→ Brief
Only the lines below from the one containing "Stylish light blue" through the last line should be set down, exactly as written and with no pictures.

→ Material provided
◇ ◇ ◇ ◇

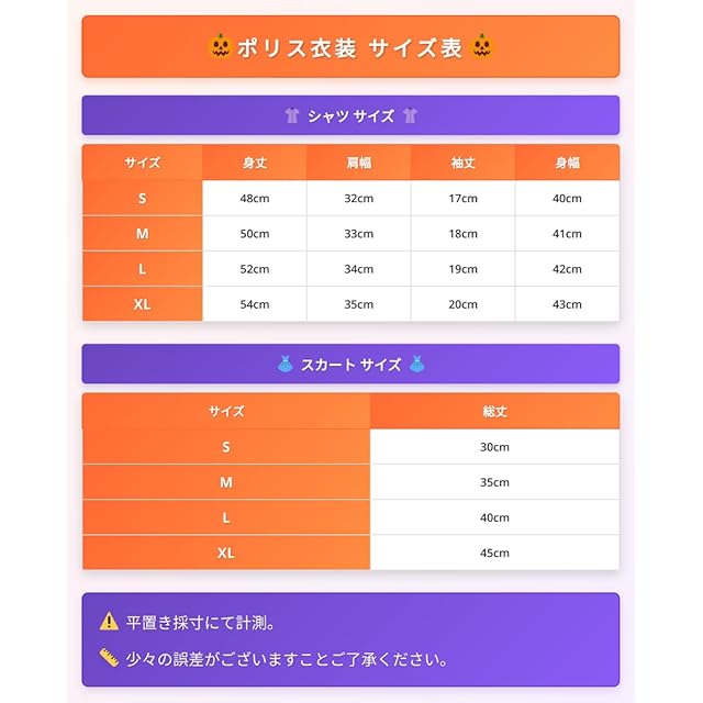 【Sサイズ】: シャツ:身丈48cm、肩幅32cm、袖丈17cm、身幅81cm/スカート:総丈30cm、ウェスト52-72cm 【Mサイズ】: シャツ:身丈50cm、肩幅33cm、袖丈18cm、身幅82cm/スカート:総丈35cm、ウェスト57-77cm 【Lサイズ】: シャツ:身丈52cm、肩幅34cm、袖丈19cm、身幅83cm/スカート:総丈40cm、ウェスト60-80cm 【XLサイズ】: シャツ:身丈54cm、肩幅35cm、袖丈20cm、身幅85cm/スカート:総丈45cm、ウェスト65-85m
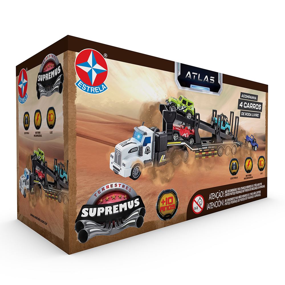 O Supremus Atlas é um caminhão cegonha de controle remoto movido a bateria recarregável de lítio (inclusa) e com 7 funções. Sua carroceria é de plástico, e permite soltar a carreta do cavalo, trazendo ainda mais versatilidade ao veículo. E além disso, inclui 4 carros de roda livre, para enriquecer ainda mais o conjunto.
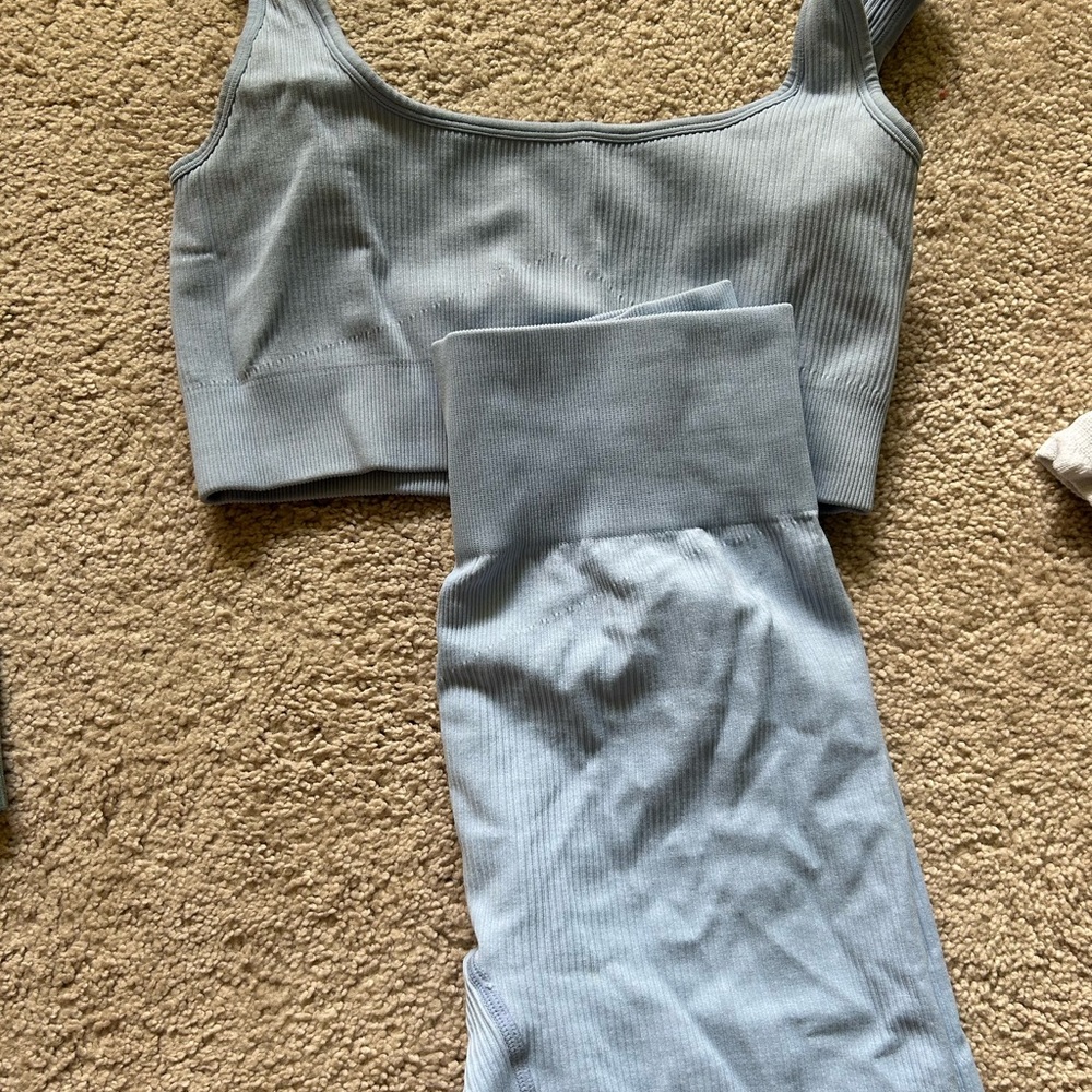 Stylish light blue ribbed workout set. Includes a crop top and leggings. Perfect for yoga or gym sessions.
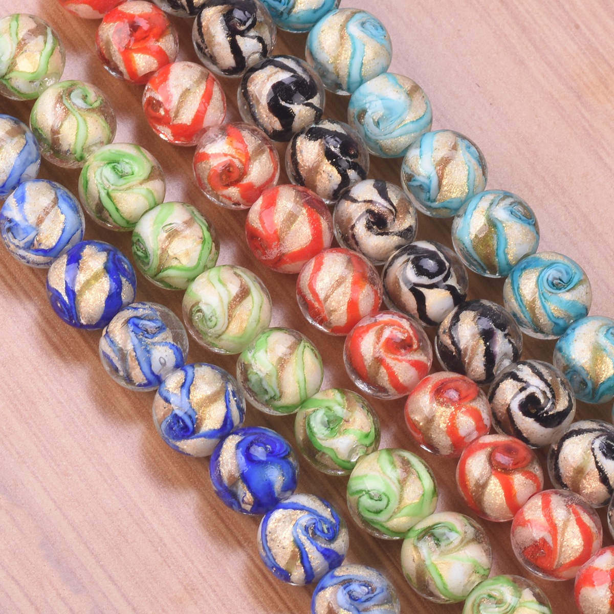 10pcs Round 10mm 12mm Lace Foil Lampwork Glass Handmade Loose Beads for Jewelry Making Accessories DIY Crafts Findings

◇ ◇ ◇ ◇

→ Response to the task
 Stylish light blue ribbed workout set. Includes a crop top and leggings. Perfect for yoga or gym sessions.
 10pcs Round 10mm 12mm Lace Foil Lampwork Glass Handmade Loose Beads for Jewelry Making Accessories DIY Crafts Findings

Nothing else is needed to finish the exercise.